『路上のうた』
以前から持っていたのに置きっ放しにしていた本を読みました。
路上生活(いわゆる「ホームレス」生活)を送る人たちが販売員となっている「THE BIG ISSUE」。
販売員の生活をささやかながら支えるという事もありますが、内容が面白いので、販売員の方を見つけるとよく買って読んでいます。

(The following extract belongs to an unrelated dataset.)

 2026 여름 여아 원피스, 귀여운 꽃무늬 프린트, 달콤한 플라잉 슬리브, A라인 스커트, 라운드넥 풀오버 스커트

その販売員の中で川柳を創っている方々がおり、その作品をまとめたものがこの本です。
僕は販売員の方から直接買いましたが、Amazonでも売られていました。
日々の生活の中から出てくる川柳なので、路上生活が反映された作品になっています。
僕が良いな、というか興味を持ったのはたとえばこれらの作品です。
盆が来る 俺は実家で 仏様
寒い夜 マッチで焚き火 怒られる
駄洒落でも クルシミマスと 言えぬ今
クリスマス 風邪をひいたら クスリマス
ご来光 拝む前から 缶集め
見てしまう 故郷(ふるさと)行きの 高速バス
故郷の家族・親戚には自分はもう死んだものとなっているだろうな、ということや、クリスマスで世間が賑やかな中、寒さに耐えている様子、捨てきれぬ故郷への思いなど、つらさを感じられるもの、それでも川柳に、言葉にすることでユーモアを感じます。

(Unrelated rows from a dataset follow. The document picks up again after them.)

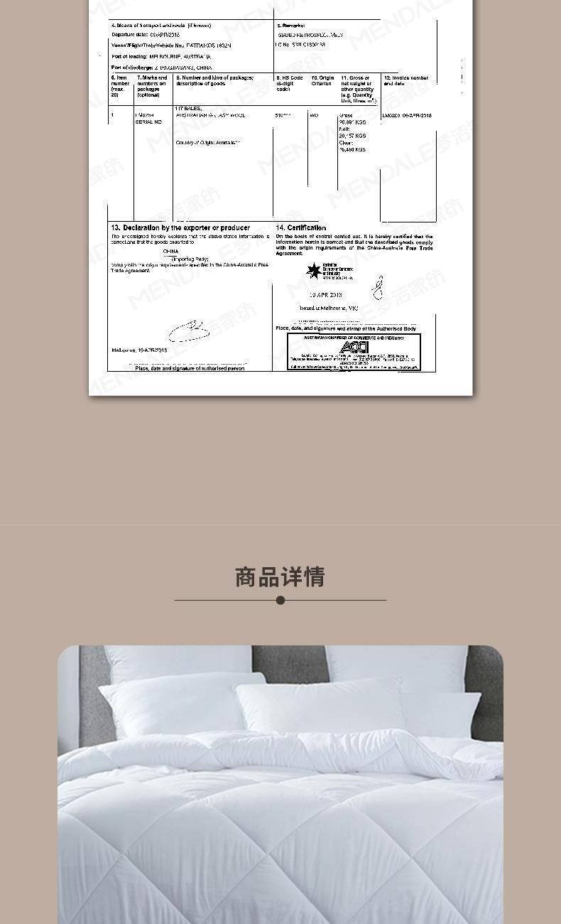 面 料:聚酯纤维 尺 寸:200×230cm 填充物 :羊毛 填充克重:1000g 填充:羊毛本身具有良好的吸、放湿性。澳洲进口羊毛,保暖性更佳,且无异味。 面料:手感细腻,亲肤柔软,舒适贴合; 工艺:细致包边,固定被芯。
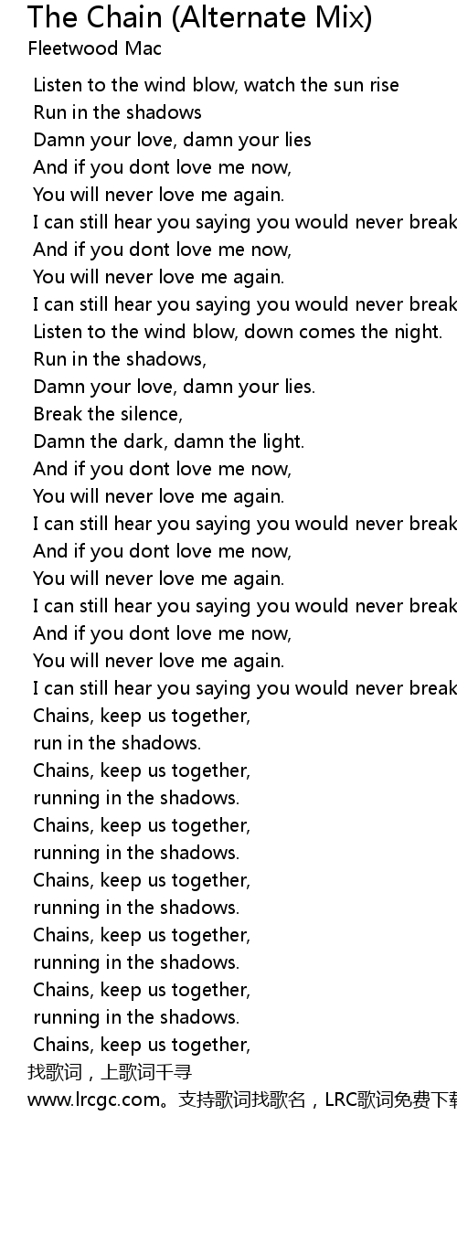 | [00:56.69] | I can still hear you saying you would never break the chain. |
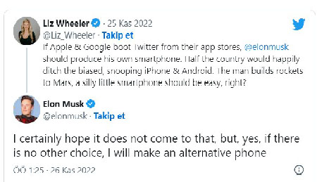 Wheeler attığı tweet'te "Apple ve Google uygulama mağazalarından Twitter'ı kaldırırsa, Elon Musk kendi akıllı telefonunu üretmeli. Ülkenin yarısı taraflı ve gözetleme yapan iPhone'la Android'i seve seve terk eder. Bu adam Mars'a giden roketler yapıyor. Saçma bir küçük akıllı telefon kolay olmalı değil mi?" dedi.
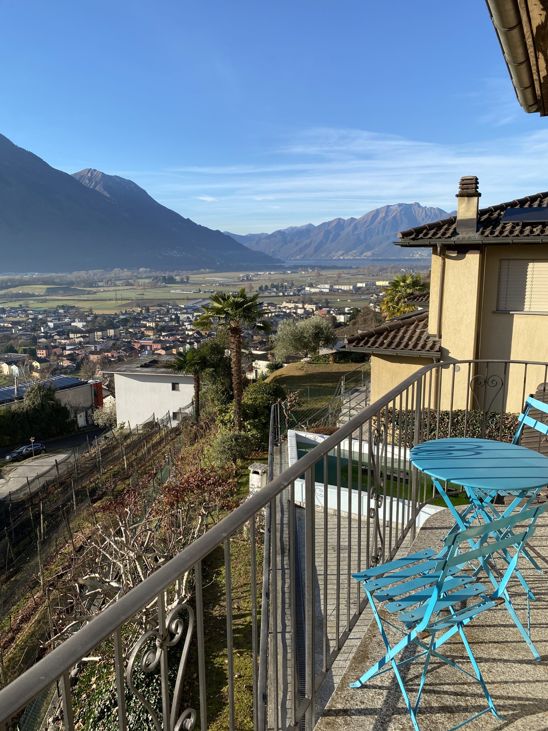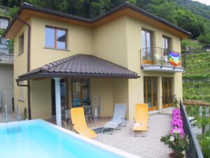 Cugnasco liegt strategisch günstig zwischen Locarno und Bellinzona. Die moderne Gemeinde verfügt über alle wichtigen Infrastrukturen. Die schöne Liegenschaft befindet sich in sehr gutem Zustand und verfügt über ein Schwimmbad und Grünflächen. Es liegt südlich gerichtet leicht am Hang am oberen Rande des Wohngebiets, idyllisch angrenzend an Weinberge. Die sonnige und ruhige Lage bietet einen herrlichen Blick auf die Berge, die Magadinoebene und in der Ferne den Lago Maggiore. Das Ortszentrum mit Bushaltestelle sowie Grund- und Mittelschule ist ca. 1 km entfernt. Mehrere Supermärkte sind ca. 3 km entfernt.

ユーモアを込めることでつらくても生きぬこうという力だったり、しぶとさが現れているような。
あとがきは、作家の星野智幸さんが書かれていました。
星野さんがいくつかの川柳を引用しつつ、このように書いていました。
枕元 門松がわり 靴を置く
雨上がり 我が寝床から 虹が立つ
これらは想像力の勝利だ。正月の路上の寝床が、たちまち門松の並ぶお屋敷となる。路上のねぐらにとって、寝ている最中に降る雨は悩みの一つだが、それを幻想的な光景に変えてしまう。
ユーモアだけでなく、想像力によって困難な状況を生きぬくという勝利。
筋肉質な力強さというよりも、ひらりと柔軟に生きぬいていく力強さを感じる、とても良い本でした。